Simply push the button on the side of the battery pack until it clicks into place, and then press it once to turn the motor on. Again, tighten it down as tightly as you can.

Now, you’re ready to start casting with your brand new baitcaster!

Casting With The Baitcaster

Once you have your rod and baitcaster properly set up, you need to learn how to cast properly…

There are many different techniques out there, but the basic idea is always the same – you need to start off slowly, then gradually increase your speed until you reach maximum velocity.

When you do this, you should feel the rod bend slightly under the force of the tensioned line.

The key thing here is to make sure that you get the right amount of line out before you start cranking away at full speed.

Too little line, and you won’t be able to control the lure or sinker. Too much line, and you’ll lose accuracy.

To find out for what is the point of a baitcaster line to throw, you need to know how fast you want to cast. You can estimate this by looking at the distance between you and the target.

Casting with the Baitcaster

For example, if you’re fishing from shore, you probably don’t want to cast any further than 30 feet. If you’re fishing from a boat, you might want to go 50-60 feet.

If you’re using a sinking lure, you’ll want to add some weight to help slow the lure down. A good rule of thumb is to throw about 10% of your body weight behind the lure.
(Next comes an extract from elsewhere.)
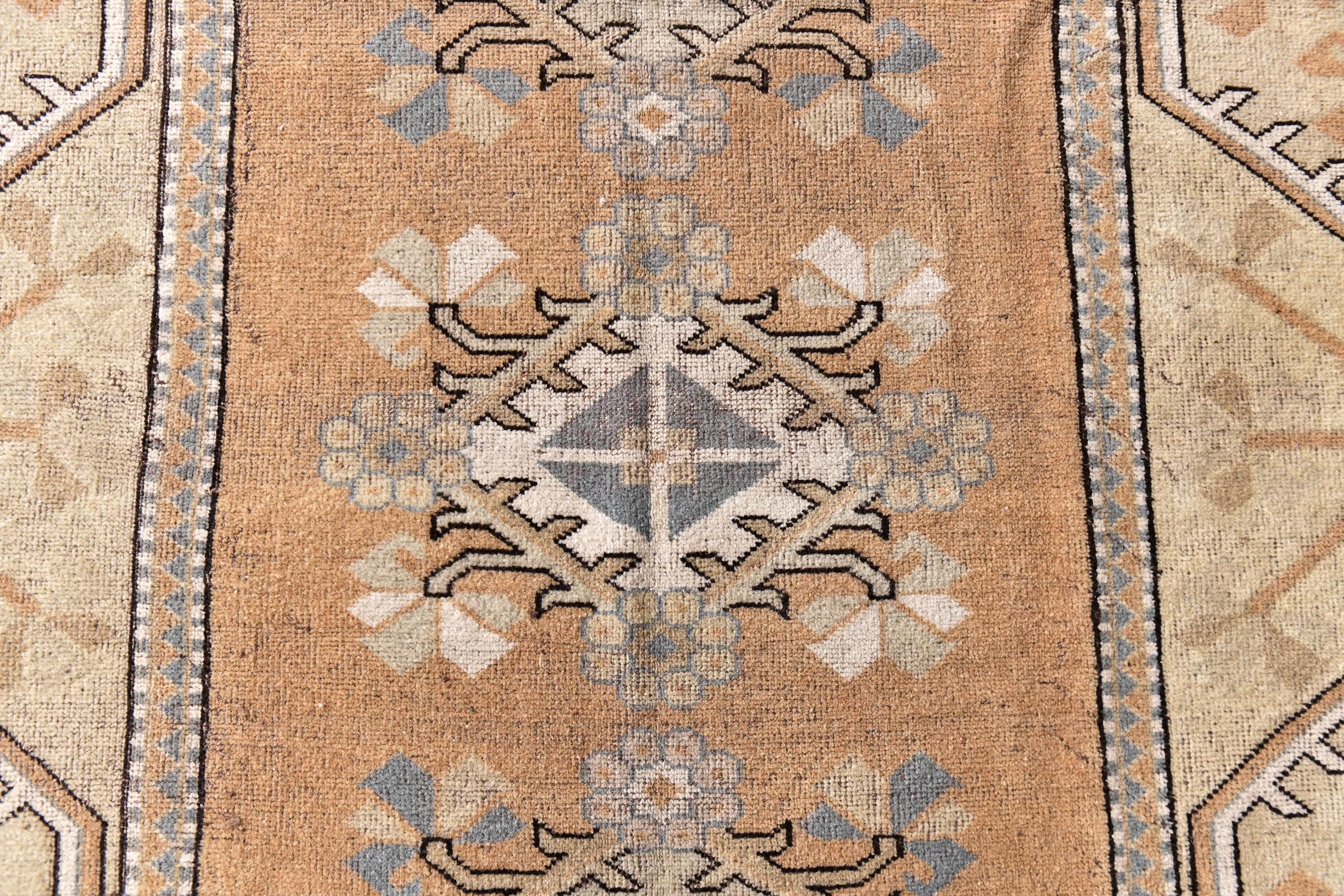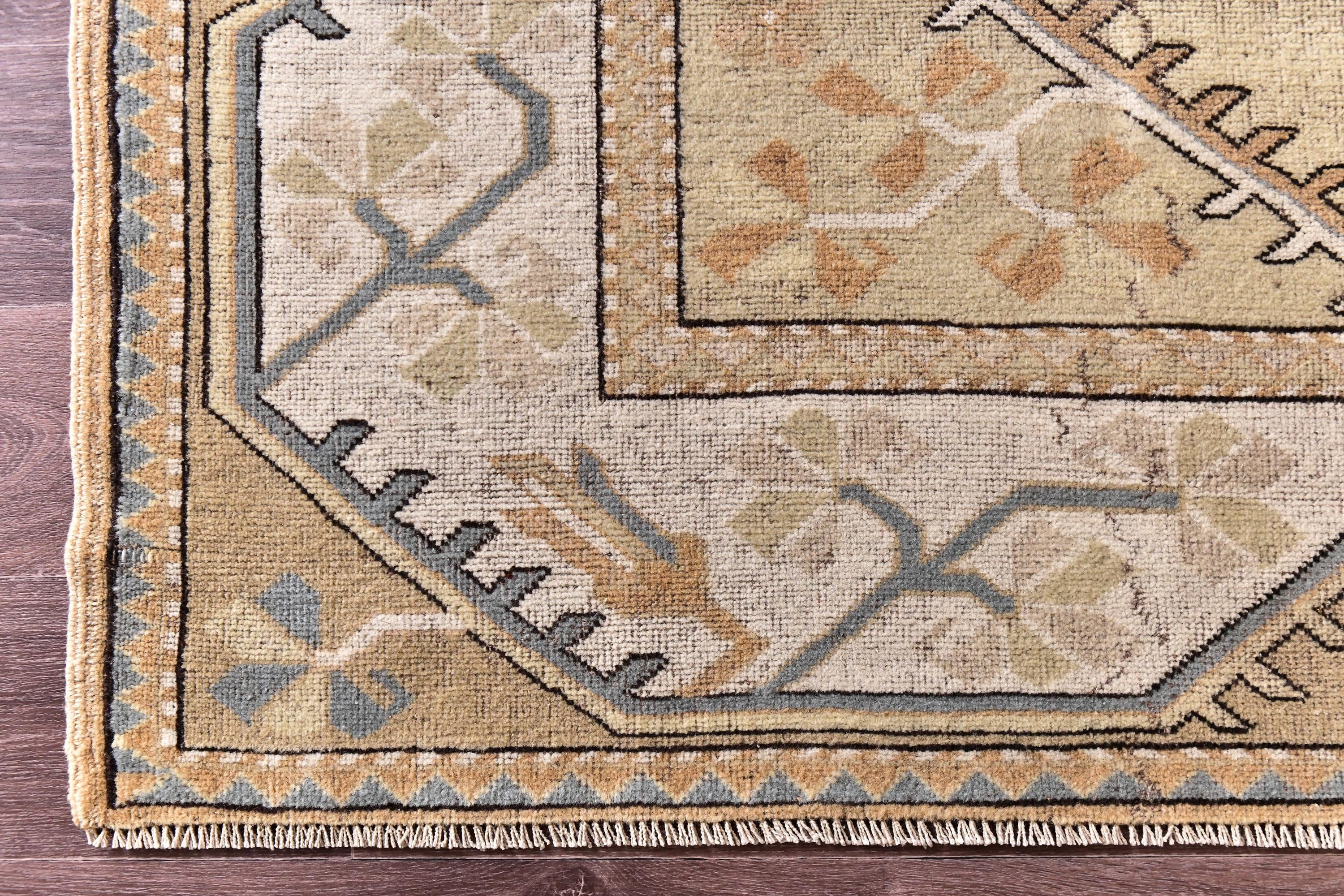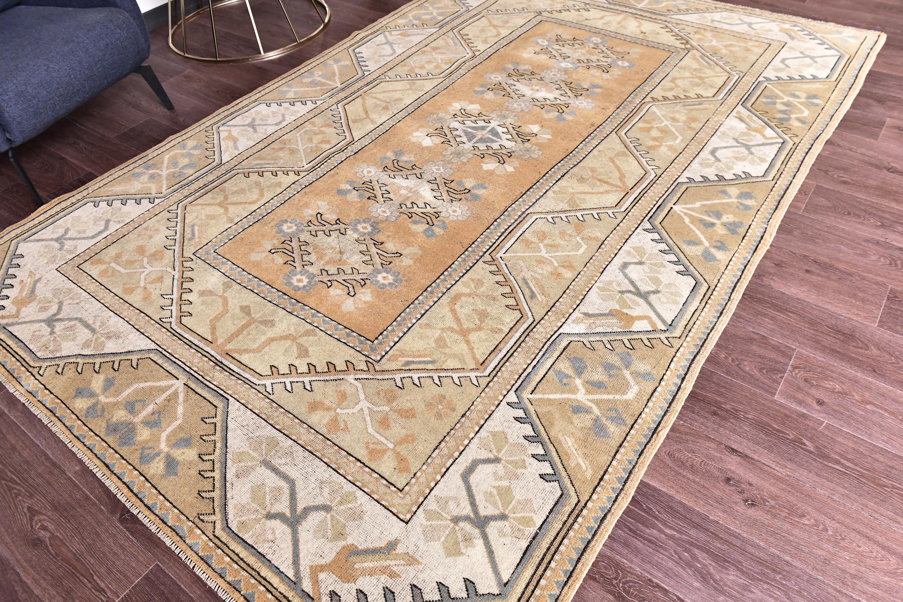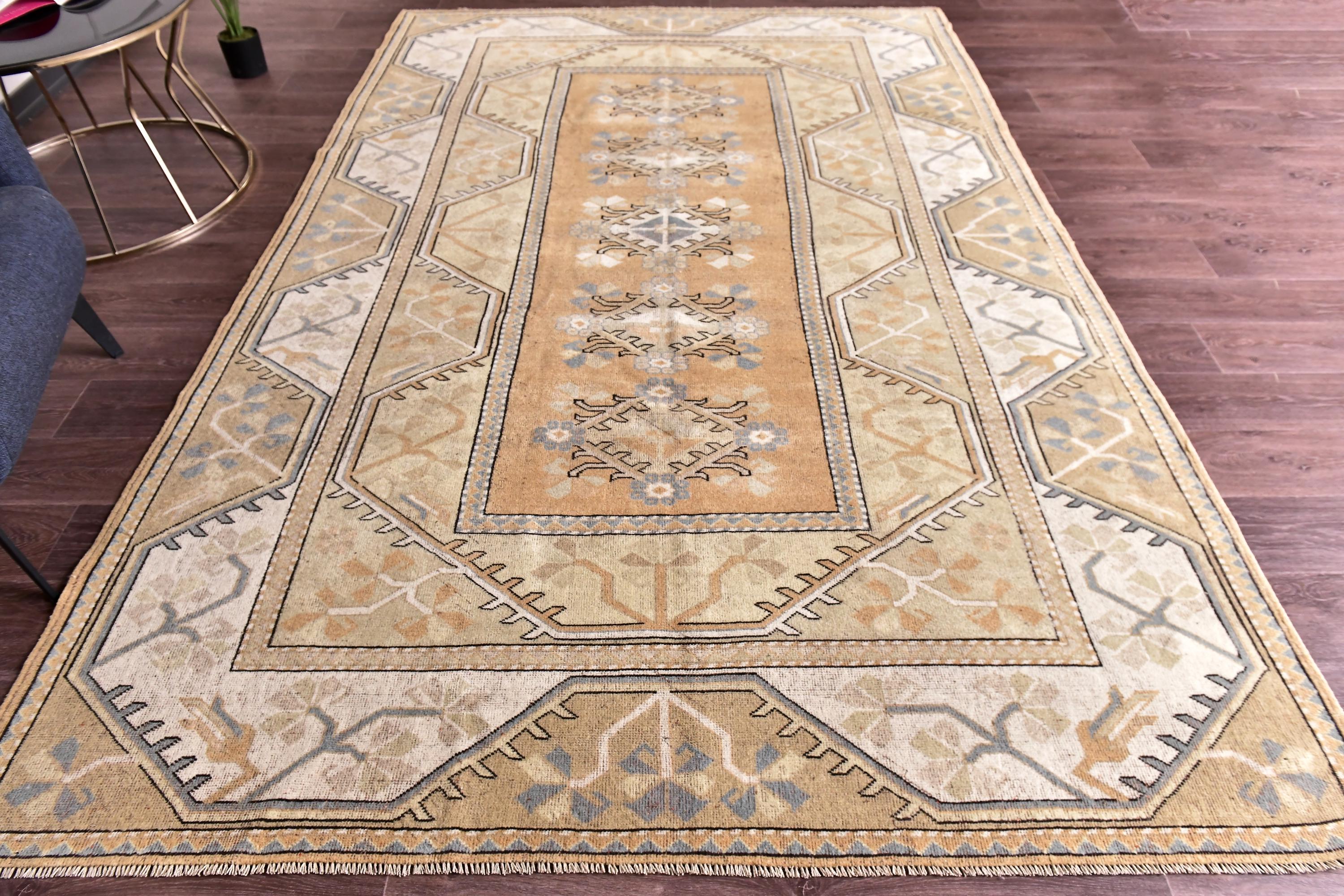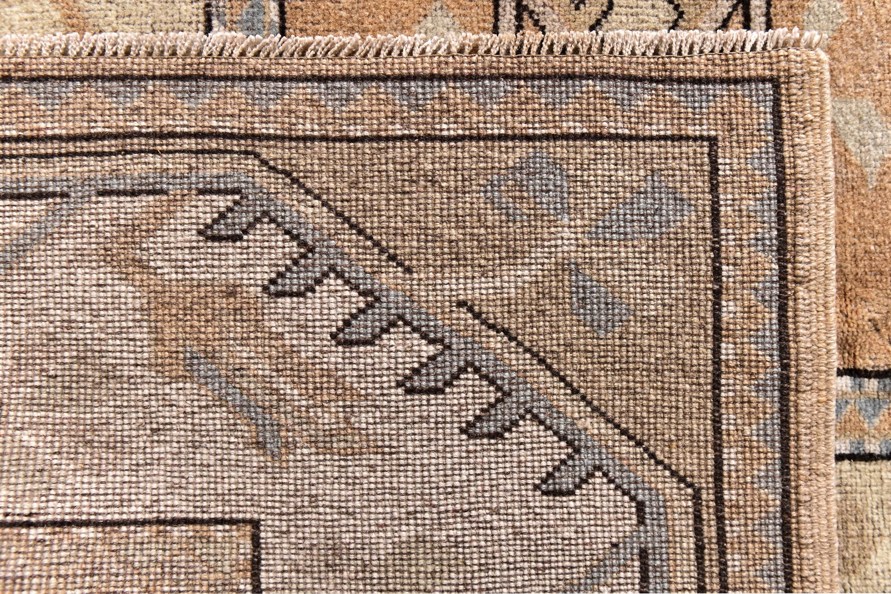 📜📌Vintage Turkish Oushak area rug featuring warm neutral color palette with camel beige, golden tan and soft blue gray accents, showcasing traditional Khotan style design with repeating geometric medallions in center field, wide decorative borders with tribal motifs, hand-knotted wool construction with naturally faded pile perfect for modern bohemian and transitional interiors

So, if you weigh 100 pounds, you’d throw 10 pounds of lead weight behind the lure.

If you’re using a fly, you’ll generally want to throw less line than you would with a sinking lure. In fact, you’ll usually only need enough line to just touch the surface of the water.

The reason for this is that flies tend to float rather than sink.

So, when you’re learning how to cast, try throwing one small loop first. Just make sure that your line doesn’t wrap around the reel handle.

If it does, simply pull it off and rewind it. Try again, and keep practicing until you get the hang of it.

You’ll also want to practice making smooth casts. Be careful not to jerk the rod back and forth like you were trying to hit something.

Instead, let the rod swing gently in an arc. As you gain more experience, you’ll become more comfortable with the technique.

Once you have mastered the art of proper casting, you’ll find that you can cast farther than ever before. And once you master that, you’ll be ready to tackle any type of fish you like.

Wrap Up

So, if you were to what is the point of a baitcaster follow all the simple steps provided, not only will you be able to set up your baitcaster, but you’ll also soon get the hang of casting.

People rarely get this right the first time, and it takes a little practice. But I assure you that with time, you’ll be point of baitcasting like a pro!

Fishing Pro at Tyger Leader
My name is Jacob Beasley and I want to be a leader for young fishermen and women who need their questions answered.

While I don’t mind having people walk up to me and ask me about fishing, it does violate an unspoken rule of fishing - leave each other alone. You might scare off my fish by walking over to me!

Also, I wanted to create a single space where newbies could come and read up for hours so that they head to their fishing spot confident and ready. You don’t want to be hovering over your phone all day trying to get answers to your questions.